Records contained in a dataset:
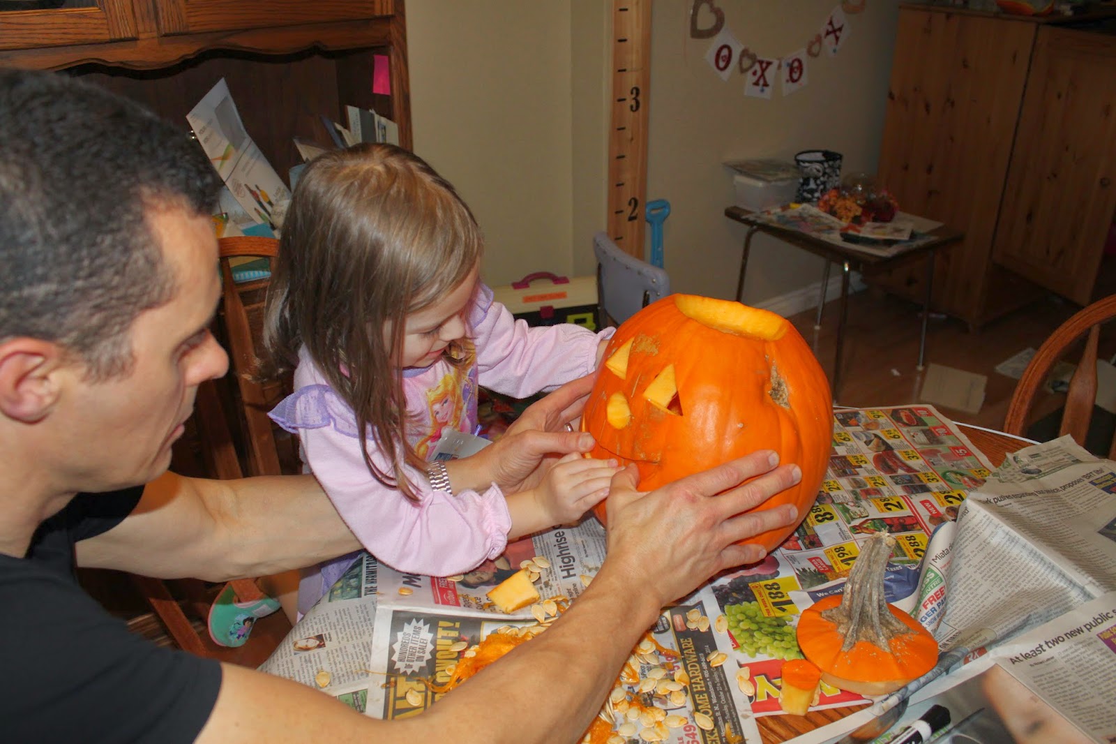 I had fears that she would want an elaborate Disney Princess based design. Her request? A happy face. She chose the shape of the eyes, nose and mouth and we got to carving. She helped to poke out the pieces.
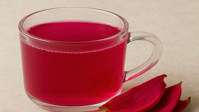 용과 껍질의 항산화 성분은 열에 강한 폴리페놀 구조 덕분에 끓여도 영양 손실이 적습니다. 껍질을 깨끗이 세척한 뒤 끓는 물에 10~15분간 우려내면 은은한 자줏빛의 차가 완성됩니다.
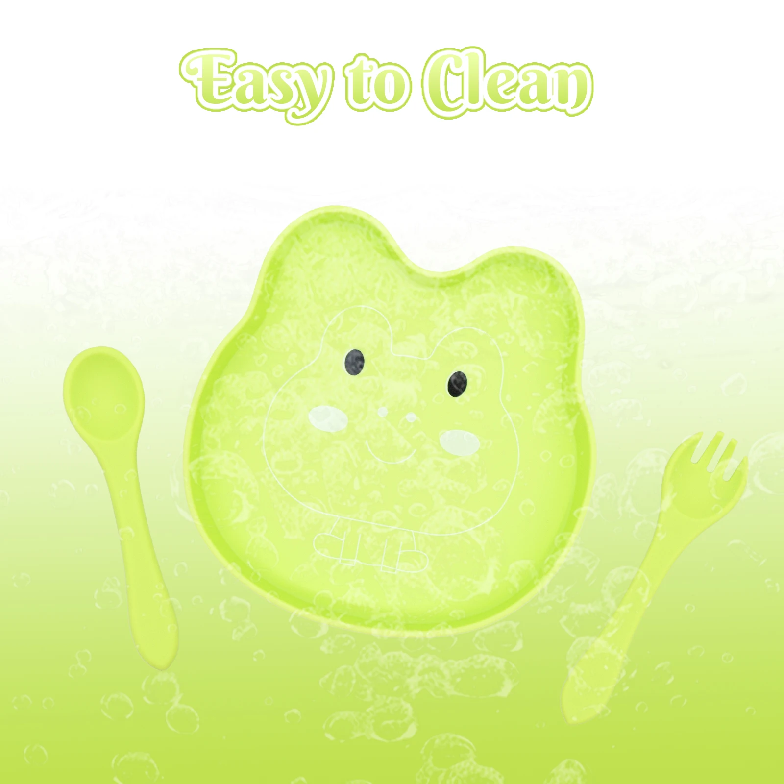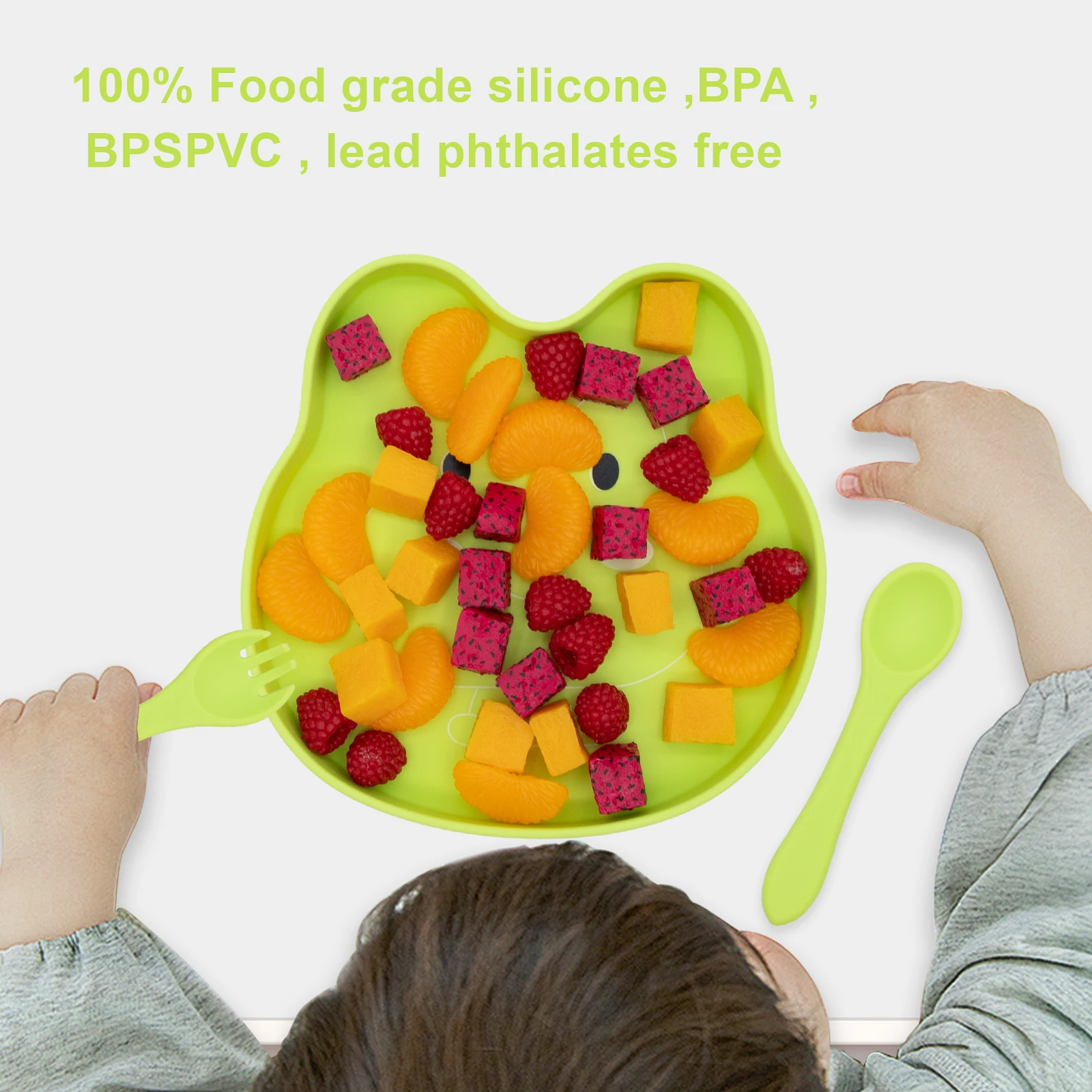 Quick Delivery, High Quality, Easy to Grip, Spill Proof Silicone Baby Feeding Set, Cartoon Food Tray, Spoon and Fork
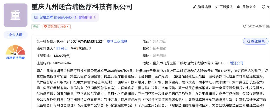 近日,九州通旗下九州通醫(yī)療器械集團(tuán)有限公司、重慶鴻貿(mào)隆企業(yè)管理咨詢有限公司共同持股成立重慶九州通合瑞醫(yī)療科技有限公司。
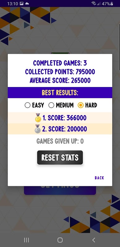 Hay tres niveles de dificultad en el juego: Fácil, Medio, Difícil.
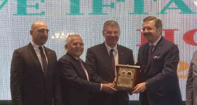 Kayseri Ticaret Borsası’nın önemli projelere imza attığını belirten TOBB Başkanı Rifat Hisarcıklıoğlu da, “Kayseri Ticaret Borsamız tarım sektörünü geliştirmek ve hizmet kapasitesini artırmak üzere pek çok önemli projeye imza atıyor. Kayserimize de kalıcı eserler bırakıyorlar. Kayserimize değer katacak her iş ve her yatırımın peşinde oluyor hayata geçmesini sağlıyor. İç Anadolu’nun en modern canlı hayvan borsasını ve pazar yerini kuruyor. Kalkınma ajansından temin ettiği destekle et ürünlerine yönelik AR-GE istasyonu projesini hazırlıyor. Faaliyete başlattığı Gıda ve Toprak Laboratuvarıyla çok hayırlı bir işe daha imza atıyorlar. Burasıyla birlikte inşallah taşir kısmında benzeri sıkıntıları üreticilerimizi kurtaracak. Böylece üretilen sucuğumuz, pastırmamız markayken güvenilir şekilde tüketilmesini ve fiyatını artıracak. Ayrıca hayata geçirdiği e-ticaret sitesiyle yerel firmalarımıza ve kendi ürünlerine destek olmaktadır. Topraksız tarım projesiyle inovatif işlere imza atılmaktadır. Sizlere daha iyi hizmet vermek üzere ülkemizin en kapsamlı ticaret borsası kampüsünde kur payı hedeflemektedir. Akredite bir borsa olarak üyelerine 5 yıldızlı hizmet sunmaktadır. Bunların hepsi de bir vizyon işidir. Üyelerimize verdikleri hizmeti devamlı geliştiren daha kaliteli hale getiren bu çalışma vizyonundan dolayı Kayseri Ticaret Borsamızı, Başkan Recep Bağlamış’ı ve bütün ekibini tebrik ediyorum. İnşallah onların bu gayretiyle ve emekleriyle hem üreticimizin hem de tüccar ve sanayicimiz daha bereketli kazançlar elde etmelerini temenni ediyorum. Oda ve borsa başkanları Kayseri’nin bereketini Ankara’ya taşımaktadırlar. Buradaki tüm başkanlarımız TOBB’de benim mesai arkadaşlarım. Hepsiyle birlikte çalışıyoruz. TOBB yönetiminde kurullarda konseylerde hepsinde emekleri var. Yine burada çok güzel bir tablo görüyorum” dedi.

THE TASK: When you reach the line containing "Quick Delivery, High" in the entries above, begin restating word for word, and stop once the line containing "Hay tres niveles" has been given. Omit the pictures.

TASK OUTPUT:
 Quick Delivery, High Quality, Easy to Grip, Spill Proof Silicone Baby Feeding Set, Cartoon Food Tray, Spoon and Fork
 近日,九州通旗下九州通醫(yī)療器械集團(tuán)有限公司、重慶鴻貿(mào)隆企業(yè)管理咨詢有限公司共同持股成立重慶九州通合瑞醫(yī)療科技有限公司。
 Hay tres niveles de dificultad en el juego: Fácil, Medio, Difícil.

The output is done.